Krieger, born in 1946 to a Jewish family in Los Angeles, is best known as the guitarist of the rock band The Doors. He wrote or co-wrote the hits “Light My Fire” and “Love Her Madly.” Krieger was long a fan of diverse musical cultures, and in the 1960s was taught to play flamenco guitar by the Asian American playwright Frank Chin.

Krieger had no direct personal contact at the time with Shankar, who generally disdained American students for their impatience and drug use, which repelled him during much-publicized appearances at the Monterey Pop (1967) and Woodstock (1969) Festivals.

Impressed by Shankar’s Evening Raga album (1968) Krieger created a spooky effect for the Doors song The End about a cataclysmic love affair, in which his electric guitar sounds like a sitar. Another Doors hit, “Light My Fire,” includes guitar improvisation by Krieger, who used fingerings similar to the sitar technique he had learned at the Kinnara School of Music.

Investigating the trance and hypnotic elements of Indian music and culture, Krieger also attended meditation classes. Not all Westerners were as enamoured of Shankar’s music-making. The German musicologist Hans Neuhoff, a specialist in traditional Hindu music, opined that Shankar’s sitar style was uninfluential and melodically inferior to other Indian performers.

Others hinted that the Shankar associate Ali Akbar Khan, a player of the sarod, a deeper-toned string instrument than the high-pitched sitar, was a more profound instrumentalist, but less verbally gifted in English and therefore no rival for Shankar’s self-appointed role as world cultural ambassador.

Craske’s biography implies that cultural influences operated in both directions. Shankar was a devout follower of the Bengali Hindu saint and guru, Sri Anandamayi Ma. After 1982, this icon’s ashram in Haridwar, North India, was headed by Swami Vijayananda, born Abraham Jacob Weintraub (1914-2010) in southern France, the son of a rabbi.

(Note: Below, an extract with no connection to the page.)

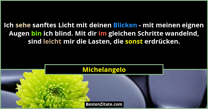 Ich sehe sanftes Licht mit deinen Blicken - mit meinen eignen Augen bin ich blind. Mit dir im gleichen Schritte wandelnd, sind leicht mir die Lasten, die sonst erdrücken.
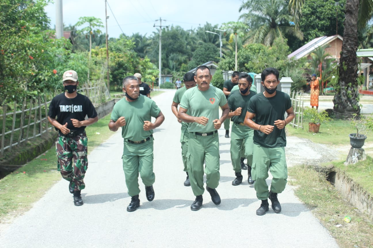 Dayun – Babinsa Pangkalan Makmur Koramil 03/Siak Kodim 0303/Bengkalis Serda Ponidi bersama sama dengan Anggota Linmas Kampung Pangkalan Makmur Kecamatan Dayun Kabupaten Siak melaksanakan latihan pembinaan fisik. Rabu, (11/11/2020)

As Rabbi Yakov Nagen recounts in a study of Jewish spirituality in the East and West, After being rejected as a volunteer for the Haganah during the 1948 Arab–Israeli War, Weintraub embraced Indian philosophy and its concept of finding God within oneself. He traveled to meet Anandamayi Ma in 1951.

Over half a century later, Weintraub, by then known as Swami Vijayananda, was still at the ashram, where his room contained a Hebrew Bible; a Tanya, a work of Hasidic philosophy by Rabbi Shneur Zalman of Liadi; the “Sefat Emet” by the Hasidic rabbi Yehudah Aryeh Leib Alter; and Simcha Raz’s “Tales of the Righteous,” about inspiring rabbis. Curiously, he also owned a biography of Ariel Sharon.

Shankar must have encountered Swami Vijayananda, a paragon of remaining Jewish despite other spiritual commitments. To the end of his life, Swami Vijayananda subscribed to The Jerusalem Post, although he never traveled to Israel, and would regale visitors with renditions of Naomi Shemer’s song “Jerusalem of Gold” and “Eishet Chayil,” (A Woman of Valor) customarily sung before Kiddush on Friday nights.

Just as Shankar’s transmutations of Eastern culture fascinated Jewish musicians and others, Swami Vijayananda (Abraham Jacob Weintraub) reminded Shankar that Jewish cultural identity, despite any changes it may undergo, endures through inherent strength.